Further research is also needed to evaluate the yet unknown, long-term effects of intensive gypsum application. Some scientists see this practice as a rapid way to reduce excessive phosphorus run-off in the short term. However, the long-term goal remains finding a more sustainable way to reduce soil phosphorus by decreasing the use of phosphorus fertilizer wherever it is agronomically feasible to do so. For this, development is underway for various ecotechnologies to reduce, recover and recycle carbon and nutrients (see e.g. https://mmm.fi/en/recyclenutrients). The BONUS RETURN project is part of this effort to analyse promising ecotechnologies through systematic literature reviews, watershed modelling, serious game systems and testbeds.
From an economic policy perspective, excitement generated by the early success of gypsum application warrants caution to avoid the potential of policy “lock-in” – whereby a singular, national focus on gypsum could hamper uptake of other viable ecotechnologies and approaches. This phenomenon is considered to be a major factor limiting the acceptance and implementation of single ecotechnologies.
BONUS RETURN explored ecotechnologies to reduce, recycle and reuse the biomaterials of wastewater and agriculture in the Fyrisån (Sweden), Vantaanjoki (Finland), and Slupia (Poland) river basins. The Vantaanjoki case study shows that gypsum offers one way to address Baltic Sea eutrophication problems. This brief highlights the potential for upscaling gypsum use in the Baltic Sea Region as a promising component of Baltic Sea protection actions.
Project SAVE, the River Vantaanjoki project, and NutriTrade, a project of the European Union’s Interreg Central Baltic Programme, offer the following policy recommendations for further action to assess and encourage implementation of gypsum soil amendment across the Baltic region:
- Development of a national plan to implement the use of gypsum in the coastal areas of Southern Finland, and to include gypsum in the national Finnish agricultural support scheme.
- Provision of government agricultural subsidies to cover the costs farmers face in using gypsum soil amendment.
- Amendment of the EU Common Agricultural Policy (CAP) and HELCOM recommendations to promote gypsum application in the Baltic Sea catchments.
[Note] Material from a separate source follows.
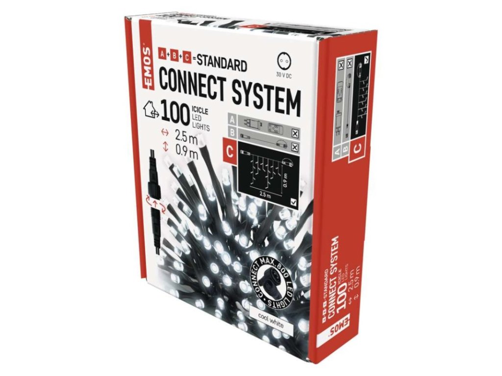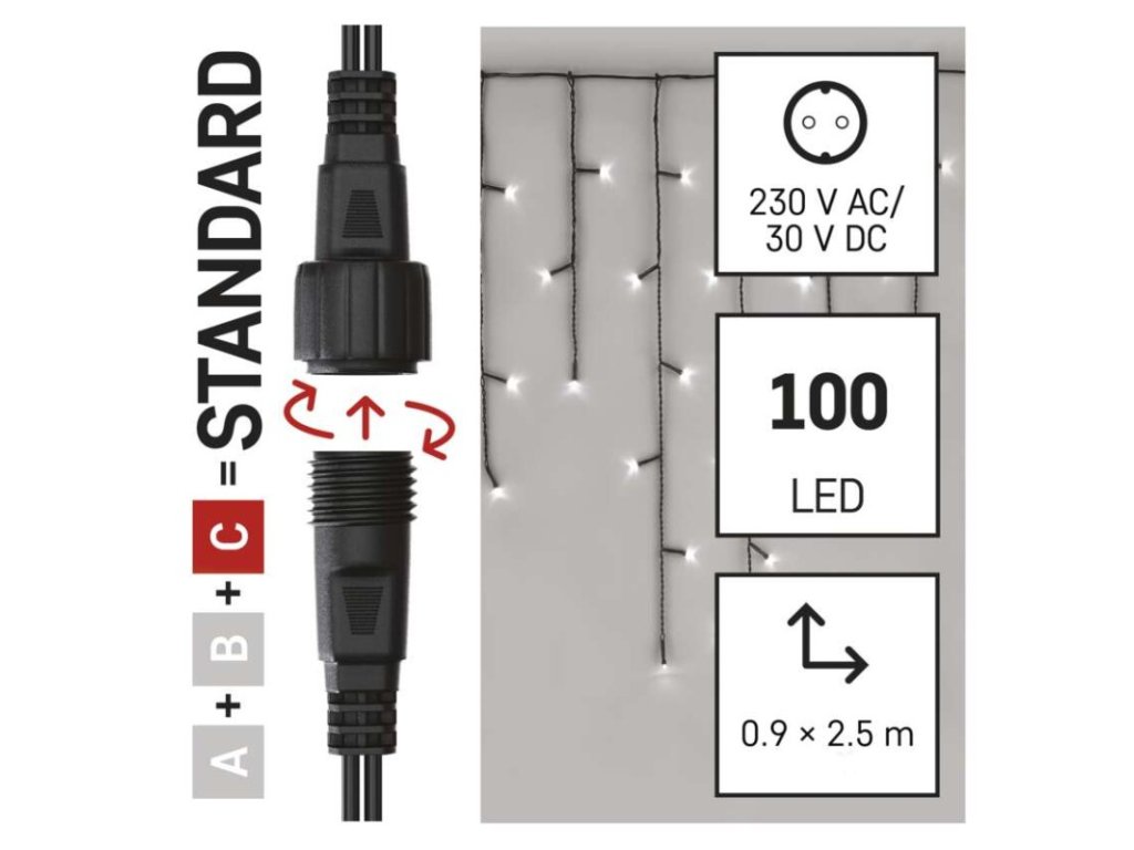 Standard LED spojovací vánoční řetěz – rampouchy, 2,5 m, venkovní, studená bílá
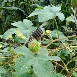 苘麻锦葵科苘麻属一年生亚灌木草本植物。茎秆较高,上面有柔毛;叶子较大且有纹路,浅绿色,边缘不平整,…

The currently scheduled CAP reform for 2021 is a particularly important opportunity.
- Additional research on the economic, environmental and societal benefits of gypsum in countries outside of Finland.
This series of three briefs describes real-world examples of policies or programmes intended to accelerate implementation of ecotechnologies that reduce nutrient losses, and encourage nutrient reuse in the three BONUS RETURN case study basins: Fyrisån (Sweden), Vantaanjoki (Finland) and Słupia (Poland).